## TASK STATEMENT
Would you repeat word for word the lines of the listing that follows, from the one with "Students plant Myricaria" up to and including the one with "점심 제육볶음이었는데, 매니저님이", and leave out the images?

## PROVIDED INFORMATION
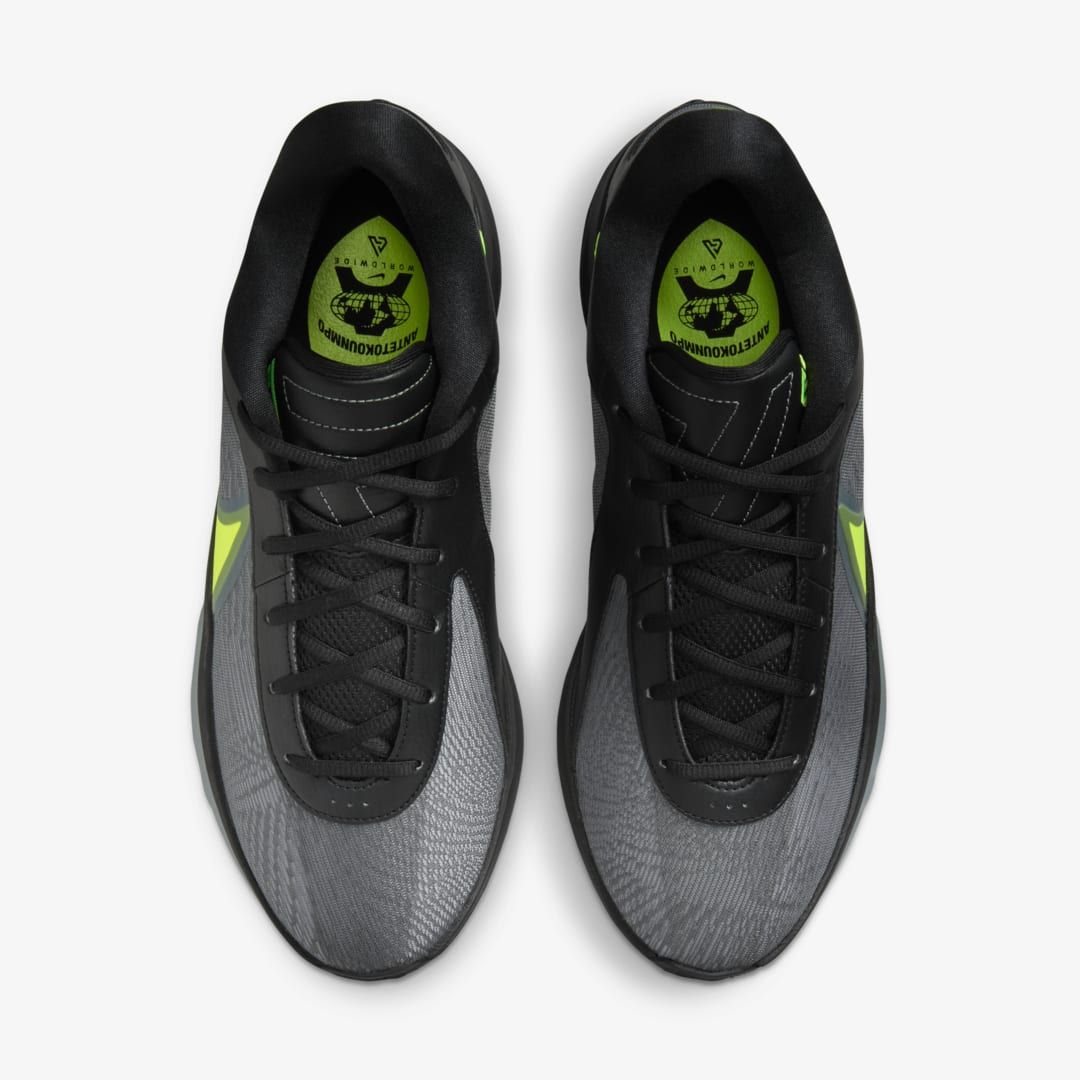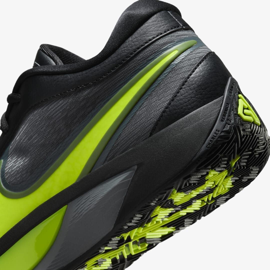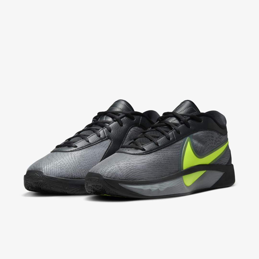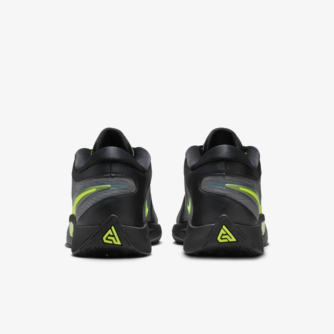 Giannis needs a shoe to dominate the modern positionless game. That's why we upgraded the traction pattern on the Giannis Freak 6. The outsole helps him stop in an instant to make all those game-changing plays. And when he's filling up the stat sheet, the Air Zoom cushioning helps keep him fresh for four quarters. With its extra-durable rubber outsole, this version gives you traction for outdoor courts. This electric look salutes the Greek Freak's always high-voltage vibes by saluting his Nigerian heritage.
--
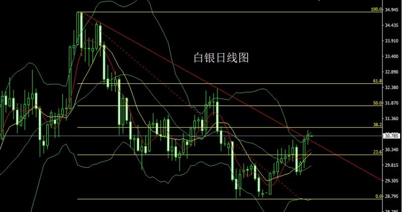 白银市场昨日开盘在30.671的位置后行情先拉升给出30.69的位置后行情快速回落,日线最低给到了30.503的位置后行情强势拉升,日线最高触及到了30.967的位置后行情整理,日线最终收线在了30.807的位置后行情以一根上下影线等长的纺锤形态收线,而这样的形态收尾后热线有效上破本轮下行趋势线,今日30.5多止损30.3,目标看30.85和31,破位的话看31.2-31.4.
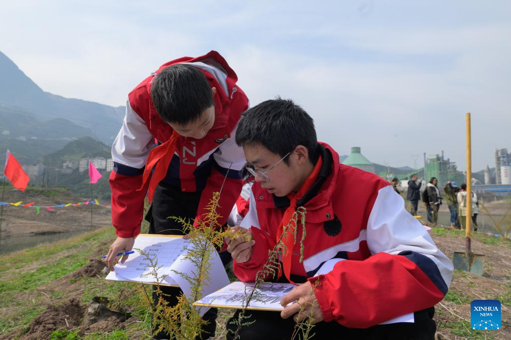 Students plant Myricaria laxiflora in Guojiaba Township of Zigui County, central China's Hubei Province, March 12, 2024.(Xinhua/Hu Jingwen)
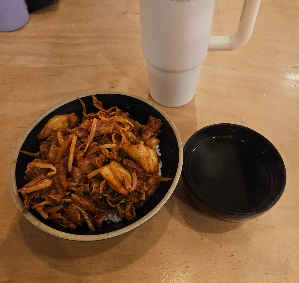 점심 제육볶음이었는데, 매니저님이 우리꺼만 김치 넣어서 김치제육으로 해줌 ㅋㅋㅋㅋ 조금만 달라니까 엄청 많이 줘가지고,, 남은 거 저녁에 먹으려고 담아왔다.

## RESULT FOR THIS EXERCISE
 Students plant Myricaria laxiflora in Guojiaba Township of Zigui County, central China's Hubei Province, March 12, 2024.(Xinhua/Hu Jingwen)
 점심 제육볶음이었는데, 매니저님이 우리꺼만 김치 넣어서 김치제육으로 해줌 ㅋㅋㅋㅋ 조금만 달라니까 엄청 많이 줘가지고,, 남은 거 저녁에 먹으려고 담아왔다.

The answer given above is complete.